Na década de oitenta a prevalência deste sorotipo também aumentou na
Suíça, ocorrendo um pico epidêmico em 1992 com setenta e nove casos da doença
para cada cem mil habitantes, porém o número de casos diminuiu até o final dos
anos noventa (SCHIMID, BAUMGARTNER, 1999).

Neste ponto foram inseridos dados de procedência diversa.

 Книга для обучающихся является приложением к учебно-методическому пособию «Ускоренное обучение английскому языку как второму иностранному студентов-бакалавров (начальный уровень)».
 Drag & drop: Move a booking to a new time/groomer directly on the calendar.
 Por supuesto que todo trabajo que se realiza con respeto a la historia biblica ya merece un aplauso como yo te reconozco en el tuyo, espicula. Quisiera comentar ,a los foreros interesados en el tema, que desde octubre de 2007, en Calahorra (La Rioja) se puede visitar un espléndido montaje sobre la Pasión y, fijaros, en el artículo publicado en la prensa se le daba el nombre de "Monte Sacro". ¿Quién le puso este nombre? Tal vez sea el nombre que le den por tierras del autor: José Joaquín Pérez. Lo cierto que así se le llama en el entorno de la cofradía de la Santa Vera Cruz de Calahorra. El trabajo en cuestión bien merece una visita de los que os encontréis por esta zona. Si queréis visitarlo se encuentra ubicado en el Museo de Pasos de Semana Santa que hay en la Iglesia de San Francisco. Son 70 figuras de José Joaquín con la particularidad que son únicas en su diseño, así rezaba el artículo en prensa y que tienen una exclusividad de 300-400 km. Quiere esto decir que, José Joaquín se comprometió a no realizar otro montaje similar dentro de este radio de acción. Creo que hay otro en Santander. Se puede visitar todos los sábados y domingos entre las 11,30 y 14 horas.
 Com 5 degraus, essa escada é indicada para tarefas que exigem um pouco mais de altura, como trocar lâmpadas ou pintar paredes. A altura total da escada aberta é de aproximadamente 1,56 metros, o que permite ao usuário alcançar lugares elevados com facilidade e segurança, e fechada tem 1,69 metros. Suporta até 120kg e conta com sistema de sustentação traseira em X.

Na Áustria, Salmonella Enteritidis teve proporções epidêmicas a partir do ano
de 1988, com um pico da doença em 1992 e um decréscimo da mesma entre 1993 a
1995, sendo que até o final da década de noventa permaneceu em um nível estável
(THIEL,1999).
Salmonella Enteritidis foi isolada em 3 a 4% de casos humanos nos anos
oitenta e aumentou para mais de 30% na década de noventa na Itália (BINKIN et al.,
1993).
Segundo Wong e pesquisadores (1994) a prevalência de Salmonella em
Hong Kong foi estimada em dois mil casos por ano e um aumento significante do
sorotipo Enteritidis foi observado no final dos anos oitenta e início dos anos noventa.

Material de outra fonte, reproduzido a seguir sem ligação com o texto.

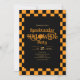 The design grabs attention instantly with a bold, high-contrast orange and black checkered pattern background. It gives off a cool, vintage skater-meets-Halloween aesthetic that stands out in the mail (or the inbox). Front and center, the invitation features the festive quote "Spooktacular Halloween Party," letting everyone know this is going to be the event of the season—whether it's for kids, adults, or just the boos.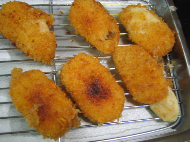 冷凍のクリームコロッケを揚げると、すぐ中身がはみ出しちゃう。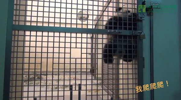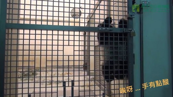 胖寶寶圓仔體重逼近11公斤,調皮的牠近來不聽話,老愛“趴趴走”、找樂子,昨天還趁著媽咪不注意時,上演攀爬鐵網,大秀“蜘蛛熊”英姿,不料耐心不足,只爬了8秒鐘就宣告放棄。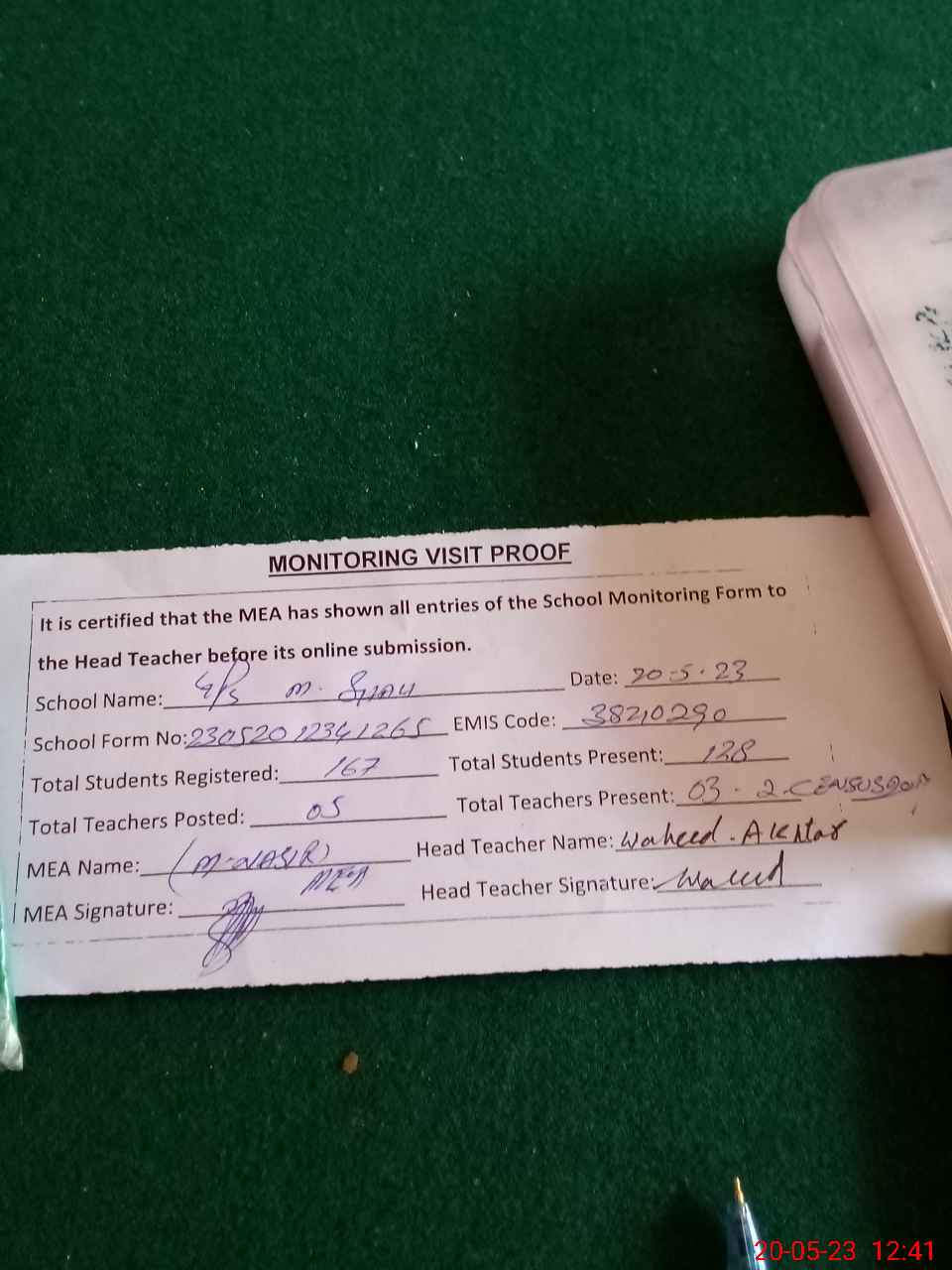 | Attendance Register | Head Teacher | MEA with School | Visit Proof |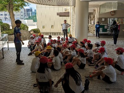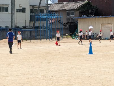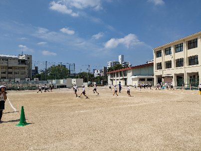 体育の授業研究会を運動場で行いました。短距離走のダッシュの練習をしていました。途中で給水タイムも摂りながら、チームでがんばっていました。繰り返し練習することでいいダッシュの仕方が身につきます。タイムは必ず縮むので、がんばりましょう。
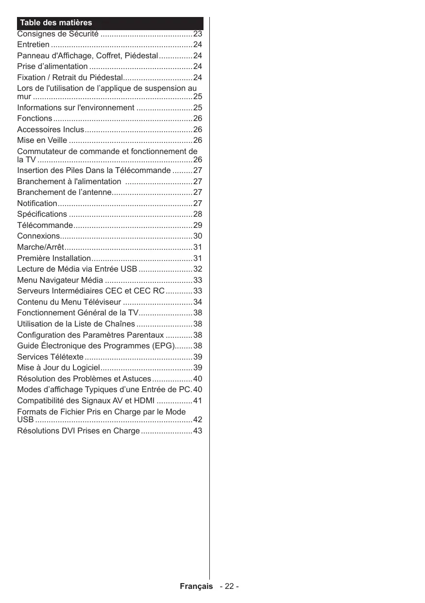 Table des matières Consignes de Sécurité23 Entretien24 Panneau d'Affichage, Coffret, Piédestal24 Prise d’alimentation24 Fixation / Retrait du Piédestal24 Lors de l'utilisation de l’applique de suspension au mur25 Informations sur l'environnement25 Fonctions26 Accessoires Inclus26 Mise en Veille26 Commutateur de commande et fonctionnement de la TV26 Insertion des Piles Dans la Télécommande27 Branchement à l'alimentation 27 Branchement de l’antenne27 Notification27 Spécifications28 Télécommande29 Connexions30 Marche/Arrêt31 Première Installation31 Lecture de Média via Entrée USB32 Menu Navigateur Média33 Serveurs Intermédiaires CEC et CEC RC33 Contenu du Menu Téléviseur34 Fonctionnement Général de la TV38 Utilisation de la Liste de Chaînes38 Configuration des Paramètres Parentaux38 Guide Électronique des Programmes (EPG)38 Services Télétexte39 Mise à Jour du Logiciel39 Résolution des Problèmes et Astuces40 Modes d’affichage Typiques d’une Entrée de PC.. 40 Compatibilité des Signaux AV et HDMI41 Formats de Fichier Pris en Charge par le Mode USB42 Résolutions DVI Prises en Charge43

Taunay e colaboradores (1996) identificaram em São Paulo, no período de
1950 a 1990, um total de 45.862 cepas de Salmonella, 31.517 isoladas de infecções
humanas e 14.345 isoladas de material não humano, sendo que, Salmonella
Enteritidis correspondeu a um percentual de 0,4% dos isolamentos.

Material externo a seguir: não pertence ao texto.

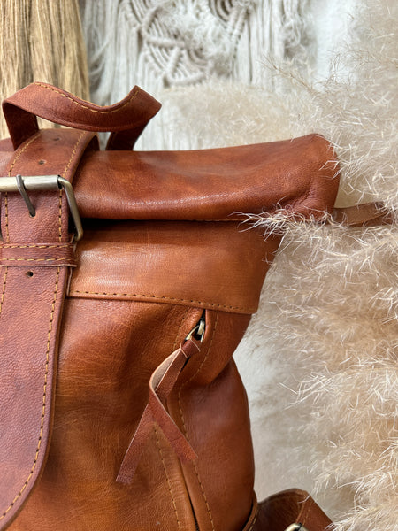 Mochila em pele com fivela e com fecho, alças reguláveis, forrada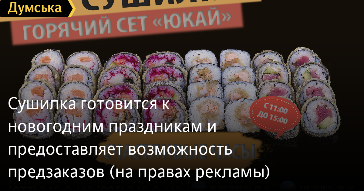 «Сушилка» готовится к новогодним праздникам и предоставляет возможность предзаказов (на правах рекламы)Доставка суши «Сушилка» готовится к новогодним праздникам и спешит сообщить, что уже открыта возможность совершить предварительный заказ на 19, 25 и 31 декабря. Отметим, что 31 декабря будет ограничен график приема заказов и работы. Кроме того, мы расширили область доставки. Отныне «Сушилка» обслуживает жителей жилмассива «7 небо» и поселка Мизикевича. На сайте можно ознакомиться подробно с ассортиментом и особенностями доставки. Заказ и предзаказ можно сделать как на сайте sushilka.od.ua, так и, позвонив по телефонам: 073-240-0-140 (Lifecell); 095-240-0-140 (Vodafone); 096-240-0-140 (Kyivstar); 048-735-29-99 (городской). СМЕРТЬ РОССИЙСКИМ ОККУПАНТАМ! Заметили ошибку? Выделяйте слова с ошибкой и нажимайте control-enter |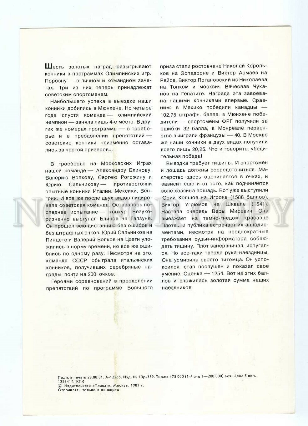 1980 olympic ussr soviet national team equestrian old Description: >>> Age: Original old Poster informational Card 1981 year >>> Approx.Size: 5.8X8.3 inches (14.8X21 cm) >>> Publisher: Plakat (Poster), Ru ... Read More
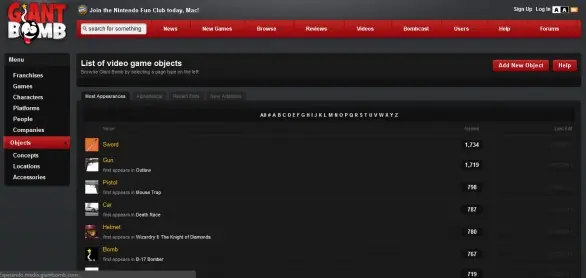 GiantBomb es un sitio creador por ex editores de GameSpot, que se caracteriza no sólo por ser un portal de novedades gamer como cualquiera de los mencionados al principio de la nota, sino también por tener una wiki interna en donde podemos consultar practicamente todo lo relacionado al mundo de los videojuegos. ¿Querés saber qué juegos usan el plasma como arma? ¿te interesa conocer qué hay detrás del concepto “instant kill”? ¿querés saber que juegos en la historia usan la jungla como escenario? Todo esto y más lo tenes en GiantBomb.

No período de 1991 a 1995 Tavechio et al. (1996) avaliaram 5.490 amostras
de Salmonellas isoladas no estado de São Paulo. Foram isoladas 2.254 cepas de
origem humana e 3.236 cepas de origem não humana de diferentes sorotipos, sendo
25
que Salmonella Enteritidis correspondeu a 1,2% dos isolados em 1991, 2% em
1992, 43,3% em 1994 e 64,5% em 1995.
Lírio e colaboradores (1998) verificaram que a presença de Salmonella
Enteritidis isolada de alimentos pelo Laboratório de Controle de Alimentos de São
Paulo foi de 70,6%, sendo que o maior número de isolamentos foi em frango “in
natura” e lingüiça crua.
Segundo Hofer e pesquisadores (1997), os dados no Brasil que abordam a
ocorrência de sorotipos de Salmonella são exíguos, tanto em relação às situações
clínicas, quanto às epidemiológicas. Eles analisaram no período de 1962 a 1991,
2.123 amostras de Salmonellas, onde 87,21% das mesmas foram isoladas de Gallus
gallus de diversos estados brasileiros, sendo que o sorotipo Enteritidis passou de
freqüente no período de 1972 a 1981 para muito freqüente no período de 1982 a
1991.
Entre os anos oitenta e noventa o Centro de Referência Nacional de Cólera e
outras Enteroinfecções Bacterianas (FIOCRUZ) mostrou um aumento na incidência
de Salmonella Enteritidis isolada de origem humana (QUINTAES et al., 1997)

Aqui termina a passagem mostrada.